++++ DATA SHOWN
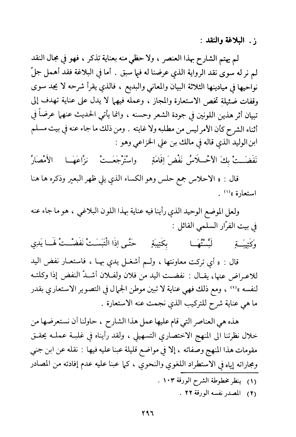 لم يهتم الشارح بهذا العنصر، ولا حظي منه بعناية تذكر، فهو في مجال النقد لم نر له سوى نقد الرواية الذي عرضنا له فيما سبق. أما في البلاغة فقد أهمل جل نواحيها في ميادينها الثلاثة البيان والمعاني والبديع، فالذي يقرأ شرحه لا يجد سوى وقفات ضئيلة تخص الاستعارة والمجاز، وعمله فيهما لا يدل على عناية تهدف إلى تبيان أثر هذين اللونين في جودة الشعر وحسنه، وإنما يأتي الحديث عنهما عرضًا في أثناء الشرح كأن الأمر ليس من مطلبه ولا غايته. ومن ذلك ما جاء عنه في بيت مسلم ابن الوليد الذي قاله في مالك بن علي على الخزاعي وهو:
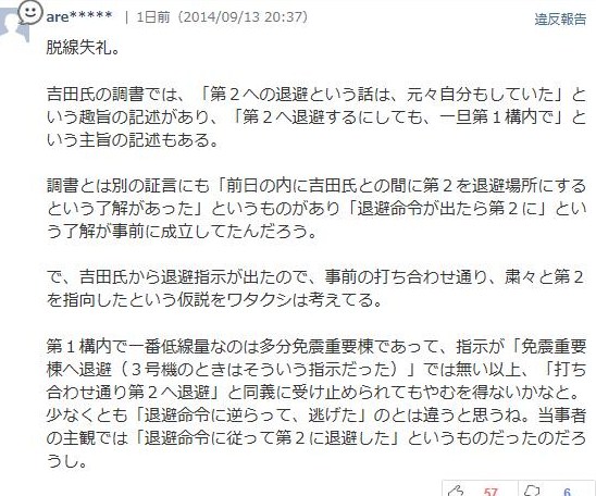 調書とは別の証言にも「前日の内に吉田氏との間に第2を退避場所にするという了解があった」というものがあり「退避命令が出たら第2に」という了解が事前に成立してたんだろう。
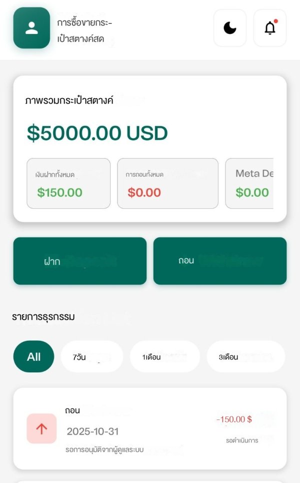 ฉันได้ทำการสั่งถอนเงินตั้งแต่เวลา 10:26 น. ของวันที่ 16 ตุลาคม 2025 แต่ไม่สามารถถอนเงินได้ และระบบยังคงแสดงสถานะ 'รอดำเนินการ' อยู่ตลอด เมื่อฉันสอบถามฝ่ายสนับสนุนว่าต้องรอนานเท่าไหร่ ก็ไม่ได้รับคำตอบใดๆ
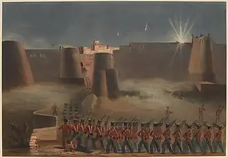 Lithograph depicting British-Indian force storming the fortress during the Battle of Ghazni, 23 July 1839
++++++++
■ TASK INSTRUCTIONS ■
A verbatim reproduction is expected: starting at the line above that has "調書とは別の証言にも「前日の", ending at the line that has "ฉันได้ทำการสั่งถอนเงินตั้งแต่เวลา 10:26 น.", both included, and with no pictures and no other lines.

■ SOLUTION ■
 調書とは別の証言にも「前日の内に吉田氏との間に第2を退避場所にするという了解があった」というものがあり「退避命令が出たら第2に」という了解が事前に成立してたんだろう。
 ฉันได้ทำการสั่งถอนเงินตั้งแต่เวลา 10:26 น. ของวันที่ 16 ตุลาคม 2025 แต่ไม่สามารถถอนเงินได้ และระบบยังคงแสดงสถานะ 'รอดำเนินการ' อยู่ตลอด เมื่อฉันสอบถามฝ่ายสนับสนุนว่าต้องรอนานเท่าไหร่ ก็ไม่ได้รับคำตอบใดๆ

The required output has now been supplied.